(DATASET SECTION begins)

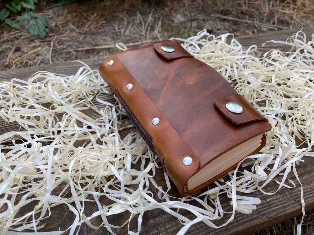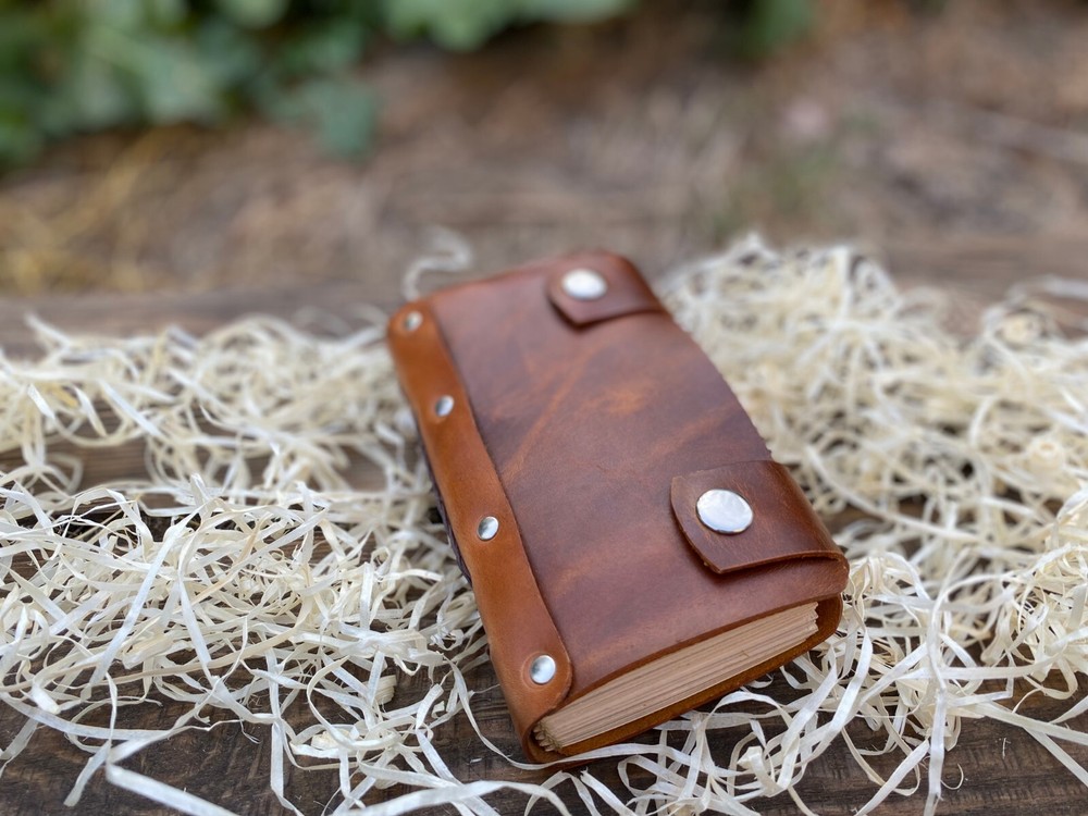 general purpose notebook with thick paper 60 pages custom size 10x16cm thickness 4 cm with original handmade bindings made of two colors of thick leather brown and yellow book as decoration for a cozy home
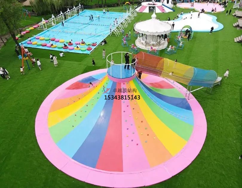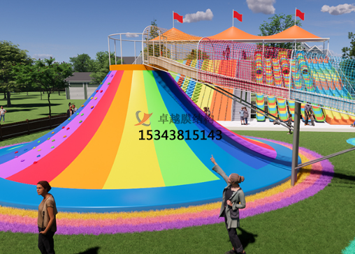玩法:小朋友們拉著繩子,沿著火山坡往山頂攀爬,由于繩子是擺動的,坡面也是非常軟,非??简炐∨笥训氖直哿α?,一般的小朋友需要在大人的協(xié)助下一起完成,更好的體現(xiàn)了親子互動的效果。
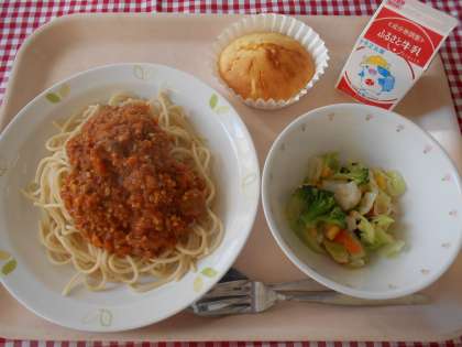 ☆献立 スパゲッティミートソース 牛乳 花野菜のサラダ パインクーヘン
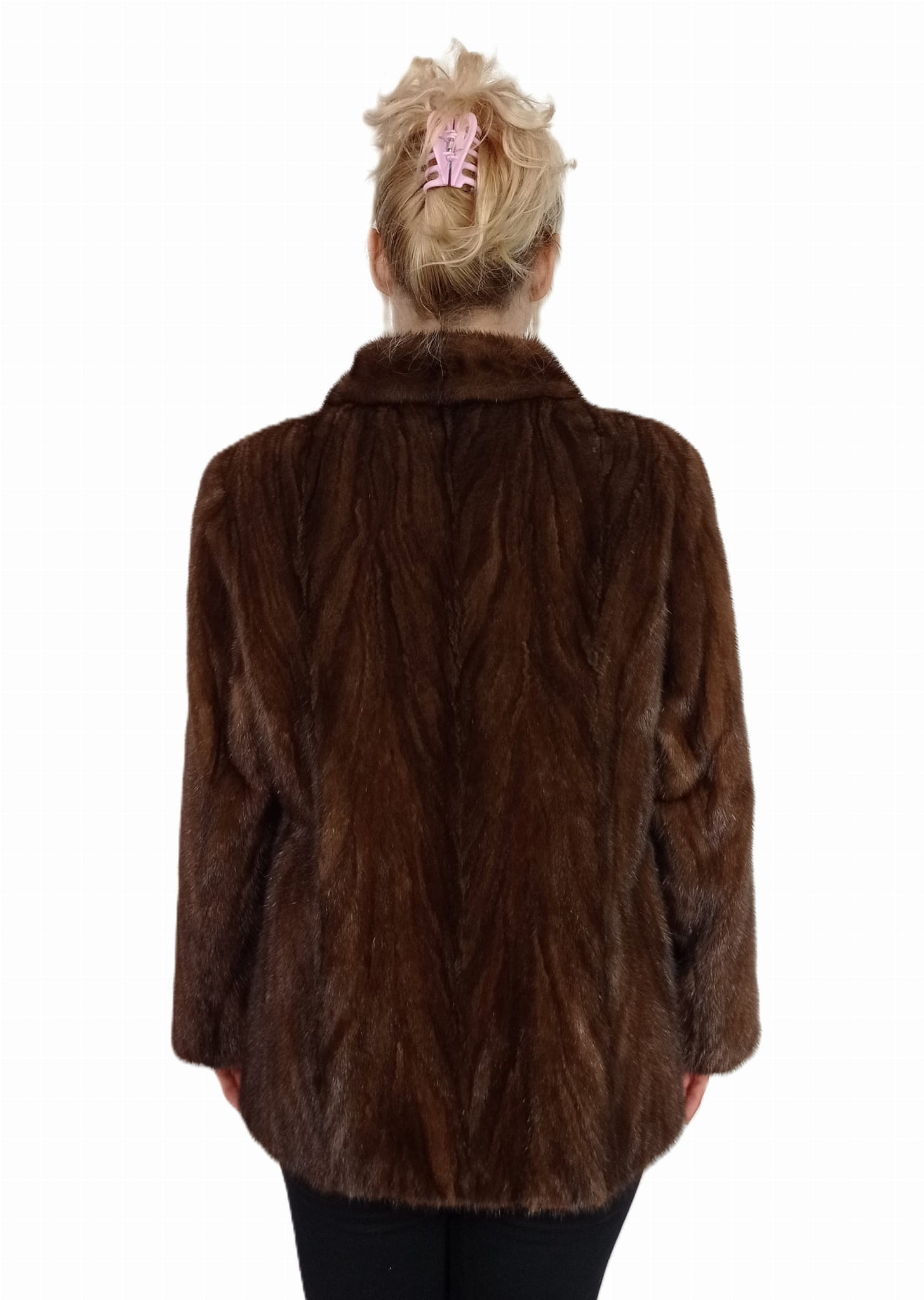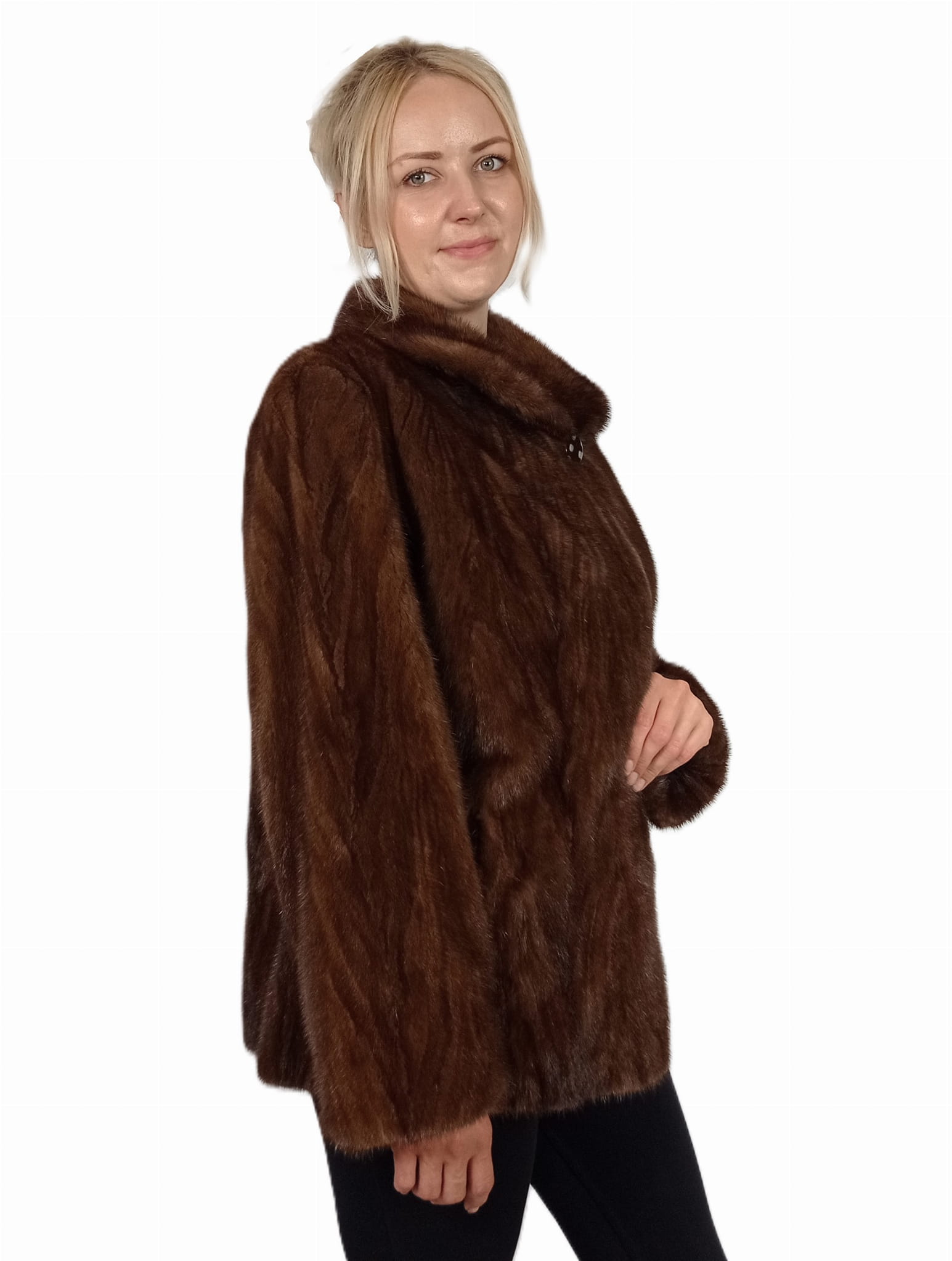 Kurtka damska z naturalnego futra norek – klasyczny fason, brąz.

(DATASET SECTION ends)

Your response must reproduce every line of the data exactly, with images omitted.

▸ **RESPONSE**:
 general purpose notebook with thick paper 60 pages custom size 10x16cm thickness 4 cm with original handmade bindings made of two colors of thick leather brown and yellow book as decoration for a cozy home
玩法:小朋友們拉著繩子,沿著火山坡往山頂攀爬,由于繩子是擺動的,坡面也是非常軟,非??简炐∨笥训氖直哿α?,一般的小朋友需要在大人的協(xié)助下一起完成,更好的體現(xiàn)了親子互動的效果。
 ☆献立 スパゲッティミートソース 牛乳 花野菜のサラダ パインクーヘン
 Kurtka damska z naturalnego futra norek – klasyczny fason, brąz.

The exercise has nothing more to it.